Arrivano i nuovi contatori del gas elettronici: diritti dei cittadini e obblighi delle imprese

Arrivano i nuovi contatori del gas elettronici: diritti dei cittadini e obblighi delle imprese

600mila utenti domestici hanno ricevuto, nel 2014 - una lettera da parte delle società di distribuzione del gas per la sostituzione, senza oneri per l’utente, dei contatori del gas con nuovi misuratori elettronici.
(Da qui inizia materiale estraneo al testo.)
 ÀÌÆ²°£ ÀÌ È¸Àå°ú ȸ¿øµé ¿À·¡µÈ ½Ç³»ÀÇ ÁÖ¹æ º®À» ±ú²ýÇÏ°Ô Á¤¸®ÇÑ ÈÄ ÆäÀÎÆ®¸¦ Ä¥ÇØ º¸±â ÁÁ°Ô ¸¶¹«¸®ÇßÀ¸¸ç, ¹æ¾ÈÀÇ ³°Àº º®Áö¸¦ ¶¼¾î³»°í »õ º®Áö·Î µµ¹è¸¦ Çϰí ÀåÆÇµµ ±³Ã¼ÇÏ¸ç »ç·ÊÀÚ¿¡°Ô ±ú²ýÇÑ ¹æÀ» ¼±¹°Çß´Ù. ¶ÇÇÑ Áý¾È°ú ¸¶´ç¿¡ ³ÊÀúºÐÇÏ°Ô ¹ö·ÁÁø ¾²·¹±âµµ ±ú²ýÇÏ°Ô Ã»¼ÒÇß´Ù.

Il piano di installazione dei nuovi misuratori ha diverse scadenze a seconda del contatore e della dimensione del distributore, ad esempio entro il 31 dicembre 2014 dovevano essere sostituiti il 15% dei contatori con portata G10 (che includono anche i condomini) e del 3% dei contatori G6 o di portata inferiore (utenze domestiche).
 
Le famiglie coinvolte devono essere informate almeno tre mesi prima e la data di esecuzione della sostituzione del contatore nell’abitazione deve essere comunicata con almeno 10 giorni solari di anticipo.
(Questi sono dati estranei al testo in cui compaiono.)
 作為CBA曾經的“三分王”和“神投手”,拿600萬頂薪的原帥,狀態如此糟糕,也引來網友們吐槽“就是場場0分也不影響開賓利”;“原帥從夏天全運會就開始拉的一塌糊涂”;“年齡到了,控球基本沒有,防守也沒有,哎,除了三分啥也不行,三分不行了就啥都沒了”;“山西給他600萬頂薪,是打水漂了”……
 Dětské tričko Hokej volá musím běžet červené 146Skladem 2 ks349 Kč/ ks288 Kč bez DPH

L’operazione di sostituzione richiede mediamente due ore e, dopo l'installazione dei nuovi misuratori, agli utenti devono essere fornite tutte le informazioni sulle funzioni del display che consentano loro di visualizzare la data e l'ora, la totalizzazione dei consumi (complessiva e per fascia multioraria), la registrazione dei consumi su base giornaliera e degli ultimi 70 giorni e, infine, la garanzia sul salvataggio dei dati e sulla sicurezza.
 
Nel caso in cui il consumatore abbia dei dubbi sul funzionamento del vecchio contatore del gas sostituito ha diritto, entro 15 giorni dalla data di sostituzione, di richiedere alla sua società di vendita una verifica metrologica. Se dal controllo non si evidenziano errori nella misurazione dei m3 di gas del contatore, la spesa di tale verifica è a carico del consumatore. In caso contrario, il consumatore stesso non dovrà pagare.
 
La Federconsumatori consiglia, al momento della sostituzione del vecchio contatore, di farsi consegnare o di fare una foto con i valori dei m3 dei consumi registrati dal contatore, al fine di avere piena contezza e trasparenza al momento della successiva fatturazione dei consumi.
 
Scrive la Coldiretti: "da tempo denunciamo che oltre il 20% dei 20 milioni di contatori del gas in Italia non sono letti da parte dei distributori almeno una volta all’anno, come invece prevedono le delibere dell’AEEGSI. Auspichiamo quindi che da qui al 2018 – quando il 60% dei contatori in servizio dovrà essere sostituito con i contatori digitali - si riduca in modo significativo il forte peso dei reclami registrati in questi anni, in particolare nel settore del gas sia nel mercato libero che nel mercato tutelato per quanto riguarda il tema dei consumi presunti e a conguaglio".